Within the CHAPLIN program, the entire chain is represented. The cooperation consists of companies (road builders, asphalt producers) and governments (Rijkswaterstaat, provinces and municipalities), supported by research and technology parties (Utrecht University, Wageningen Food & Biobased Research, TNO, Q8 Research and the Asphalt Knowledge Center). The partners develop the technology and stimulate market introduction to make a major contribution to sustainable road paving.
Martijn Verschuren, Manager Business Development at asphalt producer H4A clearly sees the added value of the cooperation: "We are all facing the same challenge; we have to get rid of the use of fossil raw materials. You can work on that as an individual company - and we do - but CHAPLIN has now built a broad network throughout the Netherlands with a lot of knowledge and experience. It is nice that CHAPLIN takes the lead and together with the partners sets the course, talks with all parties and informs and convinces clients about the importance, the necessity and the quality of bio-based asphalt."
The collaboration was crowned last year by winning the WOW Prize. Platform WOW, an alliance of 11,000 road and water managers, awarded CHAPLIN with the WOW prize for the most inspiring and innovative cooperation program. That was a special moment for Martin Junginger, professor of biobased economy at Utrecht University: "When the professional jury, which judged projects on innovation, sustainability and chain cooperation, chose CHAPLIN as the winner, that was really fantastic! In my eyes, those are also really the three strengths of our cooperation and that was a very nice recognition from the subject matter."
Partly because the collaboration is going so well, the consortium is steadily moving toward commercialization of biobased asphalt. And that raises questions: who owns the innovation, who will apply it, and who will have insight into the results? Collaboration must be well orchestrated. "That's why we work with cooperation contracts," says Joop Groen. "In these, we make clear agreements with each partner about what they bring in and what they can expect in return. The main thing remains that we work according to the principle of joint innovation, which has proven itself in practice in recent years, so we will certainly continue with that. That requires an open mindset from participants and I am proud that despite the different interests and backgrounds we manage to work together so constructively and energetically."
On how exactly the collaboration works, Joop Groen explains, "Parties become members, support the collaboration and can then participate in specific projects. Last year we successfully completed two projects and recently we started a follow-up project to develop a technology for biobased binder that will eventually enable 100% replacement of fossil bitumen with biobased binder." The CHAPLIN consortium now has some 30 members.
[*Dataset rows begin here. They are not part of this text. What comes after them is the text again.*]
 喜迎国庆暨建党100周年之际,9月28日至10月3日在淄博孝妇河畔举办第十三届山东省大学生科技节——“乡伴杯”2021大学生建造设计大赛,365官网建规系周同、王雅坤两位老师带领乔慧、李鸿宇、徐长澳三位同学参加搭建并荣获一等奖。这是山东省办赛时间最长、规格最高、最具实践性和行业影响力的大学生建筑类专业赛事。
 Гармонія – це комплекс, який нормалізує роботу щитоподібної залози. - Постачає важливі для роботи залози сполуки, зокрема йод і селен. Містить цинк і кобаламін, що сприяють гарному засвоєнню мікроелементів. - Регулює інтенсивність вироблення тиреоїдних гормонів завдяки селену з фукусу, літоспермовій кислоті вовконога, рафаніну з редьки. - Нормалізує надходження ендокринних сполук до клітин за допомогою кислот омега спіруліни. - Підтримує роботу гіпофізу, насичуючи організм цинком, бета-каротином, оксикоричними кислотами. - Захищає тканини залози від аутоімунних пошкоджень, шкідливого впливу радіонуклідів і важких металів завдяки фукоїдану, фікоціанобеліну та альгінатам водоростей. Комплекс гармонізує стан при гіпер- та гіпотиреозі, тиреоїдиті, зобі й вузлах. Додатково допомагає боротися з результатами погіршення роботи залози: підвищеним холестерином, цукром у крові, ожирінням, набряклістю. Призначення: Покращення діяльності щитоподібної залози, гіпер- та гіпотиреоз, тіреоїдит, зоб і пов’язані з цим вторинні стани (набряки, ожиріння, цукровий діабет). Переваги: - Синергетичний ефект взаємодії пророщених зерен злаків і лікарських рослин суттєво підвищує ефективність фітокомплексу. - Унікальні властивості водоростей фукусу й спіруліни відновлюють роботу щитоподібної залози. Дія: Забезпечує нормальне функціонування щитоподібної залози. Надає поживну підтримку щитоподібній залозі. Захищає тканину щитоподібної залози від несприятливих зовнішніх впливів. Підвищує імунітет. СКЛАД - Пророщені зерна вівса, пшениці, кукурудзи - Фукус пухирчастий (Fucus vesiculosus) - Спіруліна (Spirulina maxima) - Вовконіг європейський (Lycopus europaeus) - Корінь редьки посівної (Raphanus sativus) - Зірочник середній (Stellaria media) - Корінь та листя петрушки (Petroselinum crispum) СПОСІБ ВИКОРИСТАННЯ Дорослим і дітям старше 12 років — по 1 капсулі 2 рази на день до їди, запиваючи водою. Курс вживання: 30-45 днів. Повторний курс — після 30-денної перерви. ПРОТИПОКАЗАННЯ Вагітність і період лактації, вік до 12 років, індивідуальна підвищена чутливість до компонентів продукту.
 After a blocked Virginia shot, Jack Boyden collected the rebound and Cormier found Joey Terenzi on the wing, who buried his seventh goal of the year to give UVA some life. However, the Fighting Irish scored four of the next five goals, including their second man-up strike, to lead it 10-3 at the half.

"In addition to projects, twice a year we organize a CHAPLIN Expedition Day where members can meet each other. At the beginning of November we will be a guest at Boskalis' road construction laboratory QRS-LAB in Rotterdam and I am looking forward to that immensely. Finally, we have a newsletter for partners in which we share knowledge and experiences and make calls. Our consortium is open. We would like to involve more road authorities because they have a steering role from their position. Frontrunners who want to stimulate and apply this development are still welcome."